There are various features leading to America’s permanent state of war. These features include, but are not limited to, the pivotal decision, war economy that is permanent, and the military metaphysicians. The pivotal decision refers to the ‘fail safe’ orders that come into operation each time an alarm is raised. Even though the alarm might be false, the American government will always have forces ready to try to manage the situation. This causes anxiety and fear among the populace the world over, making others also prepare for war. This will always involve the mass production of weapons, largely claimed to be for self defense (Mills, pg. 55 & 56).
As far as from the end of the Second World War, many people, in the elite circle, in the U.S. feel that their economic prosperity is more often under-pinned through the permanent war economy. This group thinks that desperate political and economical problems can always arise if there is an existing genuine peace and disarmament program. If there is an alarm that peace talks may occur, leave alone treaties being arranged, stocks will reflect a ‘peace scare’, by the jitters. When there is increased unemployment and the masses demand for actions to be taken, the government usually justifies themselves by talking about the money to be spent or the money spent in ensuring that the country’s borders are safe from terror attacks (Mills, pg. 56).
Arms-race decisions are among some of the causes, central to the Third World War. This is because the elite in the U.S usually accept the military metaphysic. These people, it seems, are quite incapable of making decisions geared towards stopping this thrust towards the Third World War. The reasons usually vary from the condition and shape of the military, political, and economic institutions, to the conditions into which the intellectuals, masses and the public have been pushed and fallen. Military men and their institutions have instilled fear among the common citizens leading to a state of both political and economic withdrawal (Elwell, slide. 53-58).

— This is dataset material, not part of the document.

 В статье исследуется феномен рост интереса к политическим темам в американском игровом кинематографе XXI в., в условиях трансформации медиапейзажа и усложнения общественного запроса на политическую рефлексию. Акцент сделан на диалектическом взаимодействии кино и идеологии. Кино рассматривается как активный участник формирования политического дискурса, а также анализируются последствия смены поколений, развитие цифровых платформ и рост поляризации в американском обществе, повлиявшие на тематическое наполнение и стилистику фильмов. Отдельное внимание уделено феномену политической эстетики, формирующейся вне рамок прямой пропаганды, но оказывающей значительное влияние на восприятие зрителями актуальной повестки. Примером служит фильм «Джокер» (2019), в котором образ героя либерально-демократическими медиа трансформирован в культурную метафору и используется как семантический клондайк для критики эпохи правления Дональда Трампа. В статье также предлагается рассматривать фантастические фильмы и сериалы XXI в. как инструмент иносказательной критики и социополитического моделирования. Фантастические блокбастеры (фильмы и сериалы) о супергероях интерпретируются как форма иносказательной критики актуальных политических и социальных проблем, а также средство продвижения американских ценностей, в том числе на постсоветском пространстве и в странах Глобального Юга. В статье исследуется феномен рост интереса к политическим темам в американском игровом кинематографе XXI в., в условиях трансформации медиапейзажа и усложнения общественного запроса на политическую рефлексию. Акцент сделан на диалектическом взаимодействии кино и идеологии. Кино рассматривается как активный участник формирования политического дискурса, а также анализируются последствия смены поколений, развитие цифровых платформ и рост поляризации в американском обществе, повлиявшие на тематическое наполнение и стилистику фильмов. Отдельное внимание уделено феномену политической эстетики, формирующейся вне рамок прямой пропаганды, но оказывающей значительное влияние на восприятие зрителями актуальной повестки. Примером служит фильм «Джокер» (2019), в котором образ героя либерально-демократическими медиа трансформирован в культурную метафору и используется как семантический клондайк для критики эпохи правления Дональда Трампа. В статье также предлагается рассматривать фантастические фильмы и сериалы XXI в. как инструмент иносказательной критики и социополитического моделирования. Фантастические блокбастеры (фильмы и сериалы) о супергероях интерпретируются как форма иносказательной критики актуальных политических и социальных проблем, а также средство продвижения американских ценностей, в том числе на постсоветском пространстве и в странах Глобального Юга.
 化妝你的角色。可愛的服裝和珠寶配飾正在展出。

For the executives, military metaphysic aligns directly with their interests. Under circumstances seen as planned and a stable flow of profit, the corporations executives are have their risks taken care of by money from the public coffers. They usually expect the exploitation for private profit, in the research developments, which are always risky, but paid for by money from the public (Mills, pg.85 & 87).

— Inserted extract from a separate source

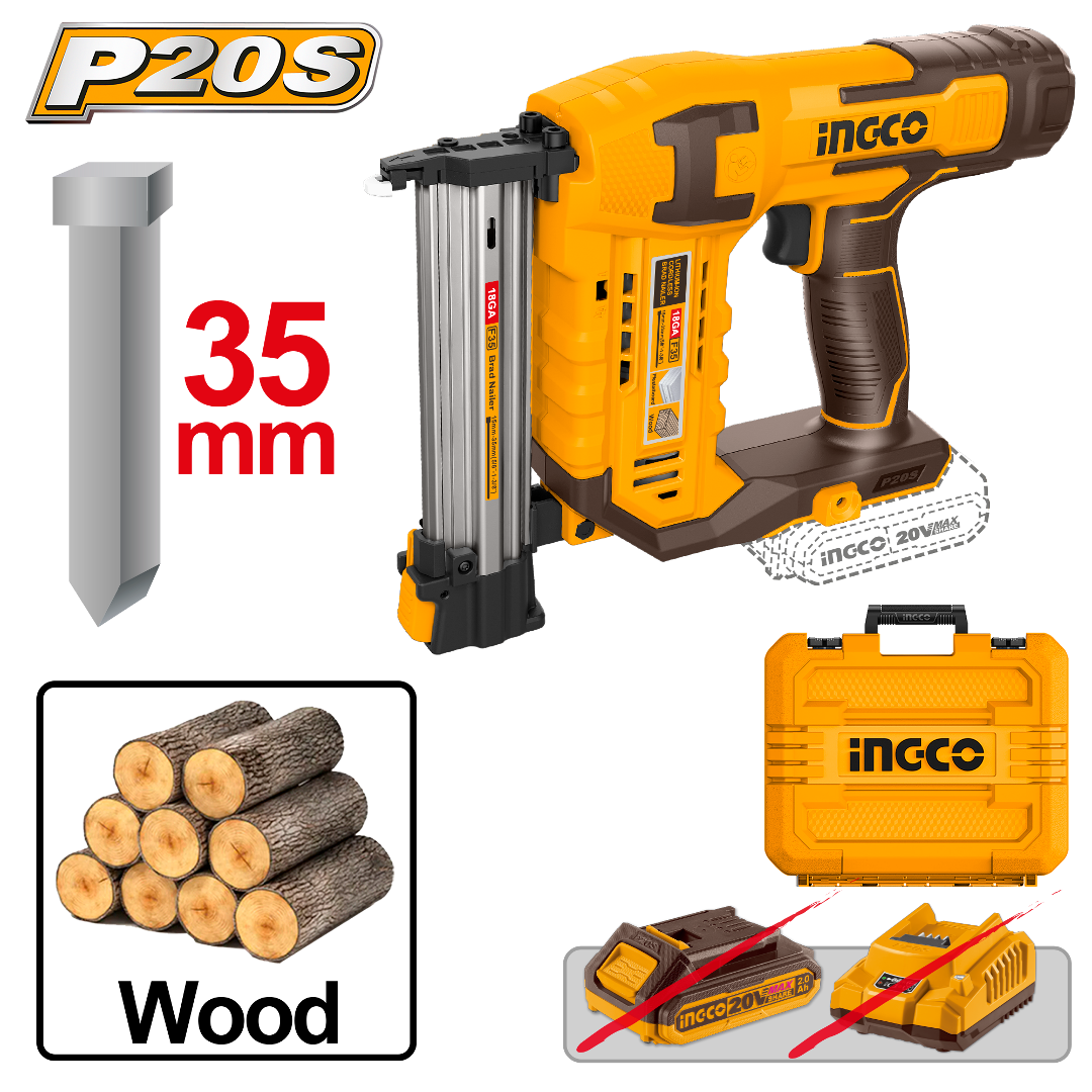 CLAVADORA A BATERIA 20V P20S 35MM MADERA SIN BATERIA SIN CARG + VALIJA INGCO CBNLI3505

America’s never ending clamor for war is as a result of both the national character and its historical developments. War is not a highly rated phenomenon. It originates from a government dominated by a defined elite rooted in a particular system which is socioeconomic. Preparations and the start of war form the basic politics of the power holding class, and reflect the aims and drives of the social structure. Looking at the relationship between economic systems and the war machine, it is realized that the military forces participate least, or not at all, in carrying out capitalistic aims. The economy, on the other hand, serves the military war machine. Not that military power has now become the major instrument of economic policies; but militarism, to some level, is used as an end and economic policy being a means of it (Murray, pg. 9).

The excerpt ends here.